6000万円ローン+マンション維持費で考える

例えば購入するマンションの住宅関連費が、

  • 住宅ローン:月19万円
  • 管理費:月2万円
  • 修繕積立金:月3万円
  • 駐車場:月1万円

なら、毎月25万円です。

年間では300万円。

さらに固定資産税等、保険、住戸内設備の修理費などもあります。

片働きになった場合も、この固定費の大部分は基本的に残ります。

収入は減っても、住宅ローン・管理費・修繕積立金は同じように支払い続ける必要があります。

共働きから片働きになったら何が変わる?

例えば、共働き時の世帯手取りが月70万円だったとします。

住宅関連費が月25万円なら、住宅費を払った後に45万円残ります。

ところが片働きになり、世帯手取りが月45万円になれば、同じ住宅費25万円を払った後に残るのは20万円です。

共働き 片働き
月の手取り 70万円 45万円
住宅関連費 25万円 25万円
住宅費後の残額 45万円 20万円
住宅費割合 約36% 約56%

住宅ローン額は何も変わっていません。

しかし収入が減ることで、住宅費が家計に占める割合は大きく上昇します。

片働きで起こること① 毎月の貯金ができなくなる

片働きになったとき、最初に削られやすいのが毎月の貯蓄です。

共働き時には月15万円貯金できていても、片働きになると、

  • 住宅ローン
  • 食費
  • 光熱費
  • 教育費
  • 保険

などを優先した結果、貯金に回せるお金がほとんどなくなる可能性があります。

住宅ローンは問題なく払えていても、貯金が増えなければ、家電の買い替えや教育費など将来の大きな支出に弱くなります。

関連記事:
住宅ローン6000万円で「貯金できない」は危険?購入後に家計で起こること

片働きで起こること② 生活費を削る必要が出てくる

住宅ローンや管理費などの固定費を簡単に減らすことはできません。

そのため収入が減ると、調整できる支出から削ることになります。

  • 外食
  • 旅行
  • 趣味
  • 衣服
  • 車関連費
  • 交際費

などです。

住宅購入前に想定していた生活と大きく変われば、「家は買えたけれど生活に余裕がない」と感じることがあります。

関連記事:
住宅ローン6000万円で「生活費が足りない」と感じるのはなぜ?購入前に確認したい家計の余裕

片働きで起こること③ 教育費との両立が難しくなる

子育て世帯では、片働きになる時期と教育費が増える時期が重なる可能性があります。

住宅購入時に子どもが小さければ、現在の教育費はそれほど大きくないかもしれません。

しかし成長すると、

  • 習い事
  • 受験費用
  • 高校・大学の学費
  • 通学費
  • 一人暮らし・仕送り

などが増える可能性があります。

収入が減っているのに教育費が増えれば、家計への影響はさらに大きくなります。

関連記事:
住宅ローン6000万円で「教育費」が重くなるのはいつ?共働き世帯の注意点

片働きで起こること④ 車を維持・買い替えにくくなる

車を所有している家庭では、住宅ローン以外にも車関連の支出があります。

  • 駐車場
  • 自動車保険
  • ガソリン
  • 税金
  • 車検
  • 修理
  • 買い替え

などです。

共働き時には問題なく維持できても、片働きになれば車の買い替え資金を貯めにくくなることがあります。

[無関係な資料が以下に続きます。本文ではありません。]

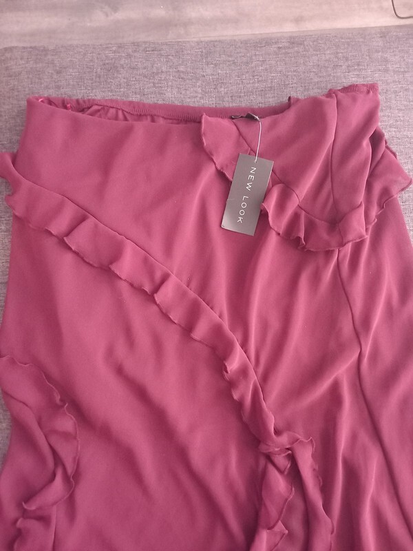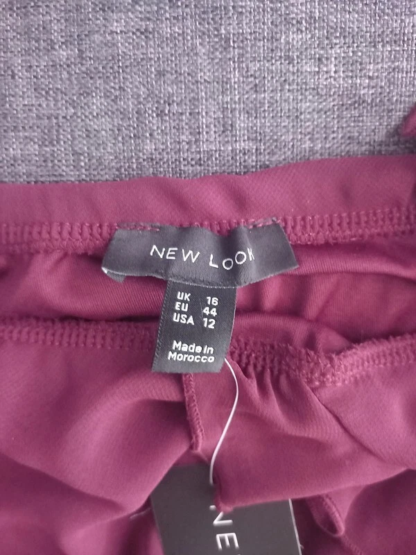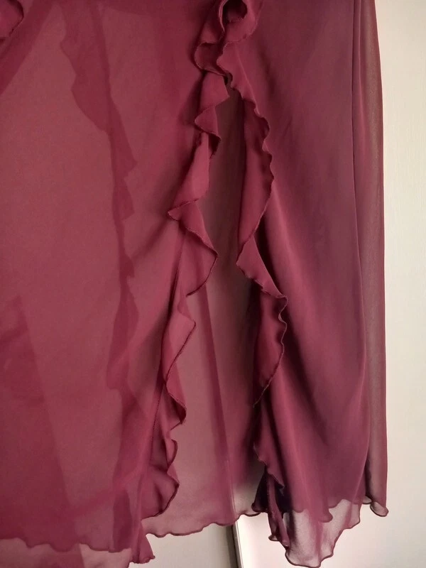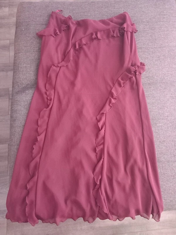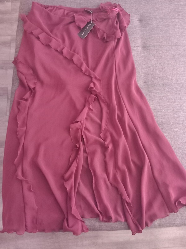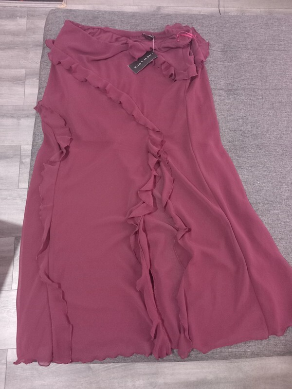 Step out in style with the New Look burgundy ruffle maxi skirt, a versatile piece that transcends occasions from casual gatherings to formal events. The skirt's elegant ruffle accents and flowing chiffon material offer a touch of sophistication to any ensemble. With its elasticated waist and side slit detail, this skirt promises both comfort and ease of movement. Crafted in a rich burgundy hue, this size 16 skirt caters to a regular fit and is machine washable for effortless upkeep. Suitable for all seasons, it's a timeless addition to your wardrobe, whether you're attending a wedding, enjoying an evening out, or simply adding a dash of class to your daytime look.

自動車ローンを新たに組めば、住宅ローンと合わせて固定費がさらに増える可能性があります。

関連記事:
住宅ローン6000万円で「車を買い替えられない」?購入後に増える家計負担を解説

片働きで起こること⑤ 老後資金の準備が後回しになる

収入が減ったとき、まずは現在の生活と住宅ローン返済を優先することになります。

その結果、老後資金の積立を一時停止したり、減額したりする家庭もあるでしょう。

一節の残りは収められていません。